How to apply for a certificate from Poland?

This page is intended as a set of guidelines on how to write letters to Polish archives (State and Ecclesiastical), Civil Registration Offices and parishes. Basic information about how institutions are organized and what records they have is provided in another section of this guide.

The main problem in dealing with Polish offices or parishes is that their staff is not likely to be able to write any language other than Polish. Furthermore, except for several major archives, it is not very likely that a letter in English or German will be answered at all, and if it were, their reply will certainly be in Polish. Therefore it is strongly recommended to obtain assistance from a translator, especially for the answer from Poland and the certificate itself.

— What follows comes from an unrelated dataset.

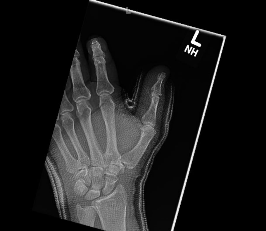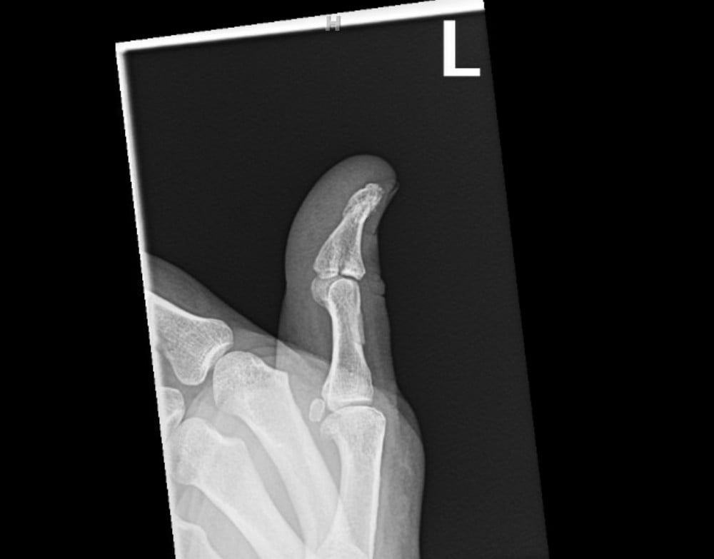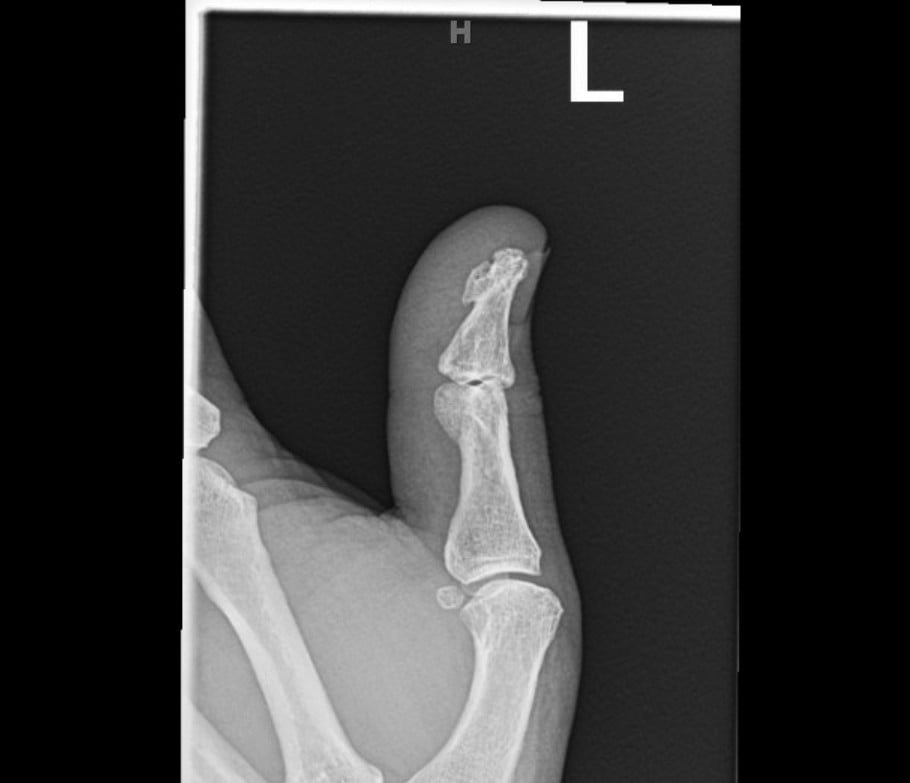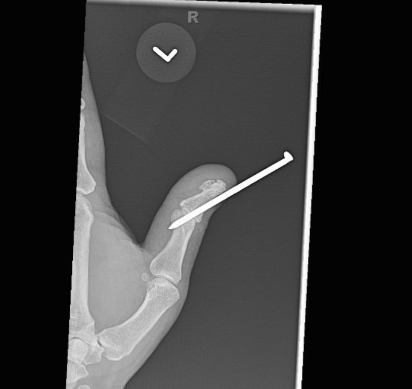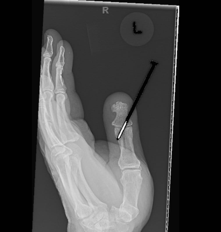 Radiographs were obtained including anterior-posterior and lateral views of the left thumb which demonstrated a penetrating injury of a metallic object (in this case, the threaded nail). The nail on X-ray did appear to pierce the base of the distal phalanx with extension through the interphalangeal joint into the thumb proximal phalanx with an associated vertically oriented split fracture of the proximal phalanx, evident with increased radiolucency on these films. No gas within the soft tissues or other identified foreign bodies; fractures, dislocation, or other acute bony abnormalities were noted. The hospital site has an orthopedic surgery residency program, and the orthopedic surgery resident was consulted given the bony involvement and the recommended outpatient management with an orthopedic hand surgeon.

It is possible however to give general guidelines as to how requests should be written in the majority of standard cases. A couple of examples are shown below. They are quite formal so as to standardize their contents and which allows the writer to change it according to their needs. Remember that Polish is an inflexed language. For this reason, if I provided all possible expressions in a more narrative letter, it wouldn't be useful for anybody who doesn't speak Polish.

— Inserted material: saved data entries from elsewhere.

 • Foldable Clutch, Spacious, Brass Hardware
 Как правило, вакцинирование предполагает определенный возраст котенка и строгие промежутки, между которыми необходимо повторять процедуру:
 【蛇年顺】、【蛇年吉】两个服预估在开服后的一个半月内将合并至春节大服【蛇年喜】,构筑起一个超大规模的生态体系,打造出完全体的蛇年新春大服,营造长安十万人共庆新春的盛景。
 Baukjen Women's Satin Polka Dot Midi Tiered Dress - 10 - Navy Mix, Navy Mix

A sample letter to a Polish Civil Registration Office
Remember that the Registration Offices only have records newer than 100 years. The older ones have been transferred to the State Archives

A sample letter to a Polish State Archive

A sample letter to a Polish Ecclesiastical Archive

A sample letter to a Polish parish

The addresses of the Archives (both State and Ecclesiastical) can be found here. The Civil Registration Office should be addressed as follows:
USC
where Locality stands for the name of the town which is the community seat for our location. Post stands for the Post Office for this town (may be the same). The name of the street and number of house is necessary only for larger cities. Usually there is no doubt where the Civil Registration office is located. The same holds true for the Catholic parishes:
Parish
For larger towns, where more than one church is likely to exist, the exact address should be provided. For Lutheran parishes we replace the word "Rzymskokatolicka" with "Ewangelicka". Don't forget that most of the pre-WWII Lutheran churches now belong to the Catholics. The Orthodox parishes are addressed "Parafia Prawoslawna" and for the Greek Catholics it is "Parafia Greckokatolicka".

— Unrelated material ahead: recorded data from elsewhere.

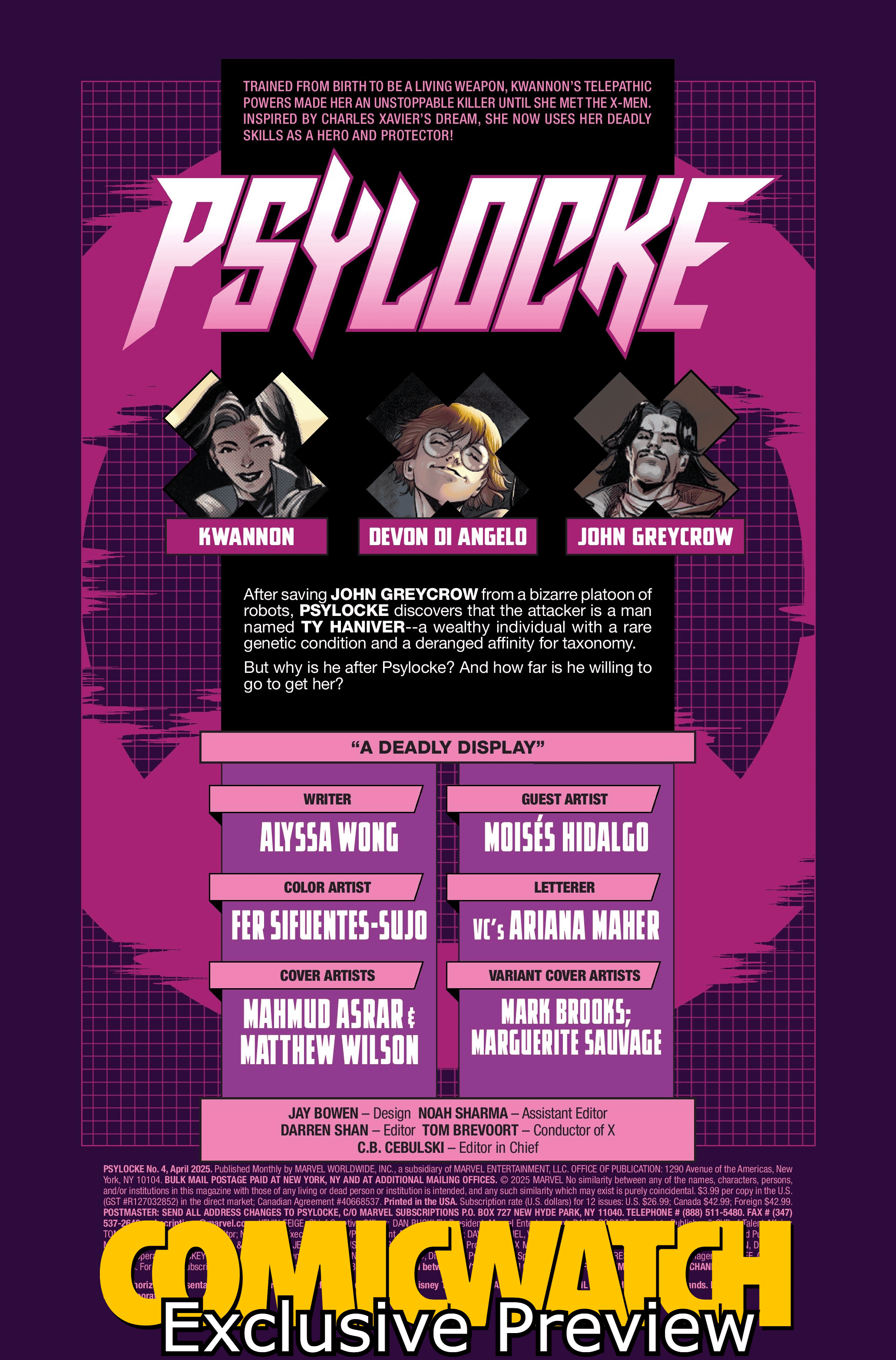 He’s been watching Psylocke for years. He knows just how to strike at her. But what does he want? And who is THE TAXONIMIST?
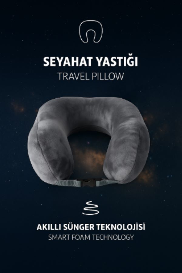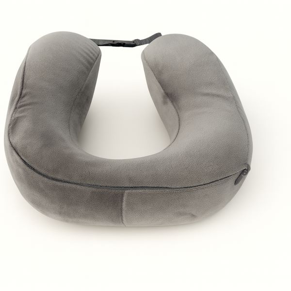 Armegeda Gri Memory Foam Boyun Destekli Seyahat Yastigi, yolculuk sirasinda boyun ve omurga destegi saglamak icin ergonomik olarak tasarlanmistir.
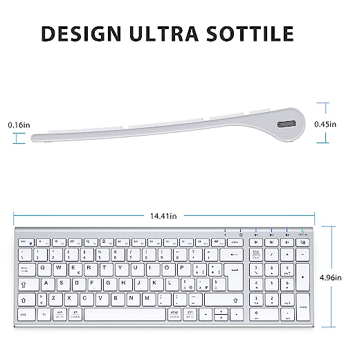 Tastiera Bluetooth, iClever Tastiera Ricaricabile Multi-Dispositivo Bluetooth 5.1con Connessione Stabile per Mac OS, Android, Windows (Silver)

As far as the Ecclesiastical archives and parishes are concerned, often no fixed fees for the certificates are established. It is common courtesy however to enclose a donation for the church or archive ($15-30 USD). Please remember that practically only cash is useful for the priest, foreign checks are not negotiable in Poland. Wrap the bill in a piece of thick paper to avoid theft. The pastors are obliged to issue a certificate when a precise date and name are provided but they are not very likely to undertake a more time-consuming search themselves. If this is needed, it is recommended that a professional genealogist be hired. The Ecclesiastical archive staff will do the research requested and issue the certificates. In some archives fixed fees are established, e.g. in Poznan $10 for an hour of research plus $15 for each official certificate. Usually no special permissions are necessary if you want to conduct your own research in a Catholic Archive.

More complicated procedures must be followed in the State Archives and the Civil Registration Offices. If you want to undertake your own research in any of the Polish State Archives, you must first fill-in a form for a permission. This is usually granted with no special problems, although not always feasible within a short time! If you are only requesting research to be conducted by the archive staff, the research fees are about $10 per hour and you will be informed the amount of time spent on your research in the reply you receive from the archive staff. You can also request Xerox copies of documents and records. Copies of genealogical documents cost $20 per A4 sheet, while other documents cost $1 per A4 sheet. The amount due, as well as the archive's account number, is indicated in the archive's reply and the account number should accompany your payment to the archive.

The Civil Registration Offices will only issue certificates if you provide them with specific name and date data. The staff will seldom search for records if the data are less precise and it often depends on the good will and time constraints of the officials. The fee for a certificate is about $10 with no additional charge for the search itself.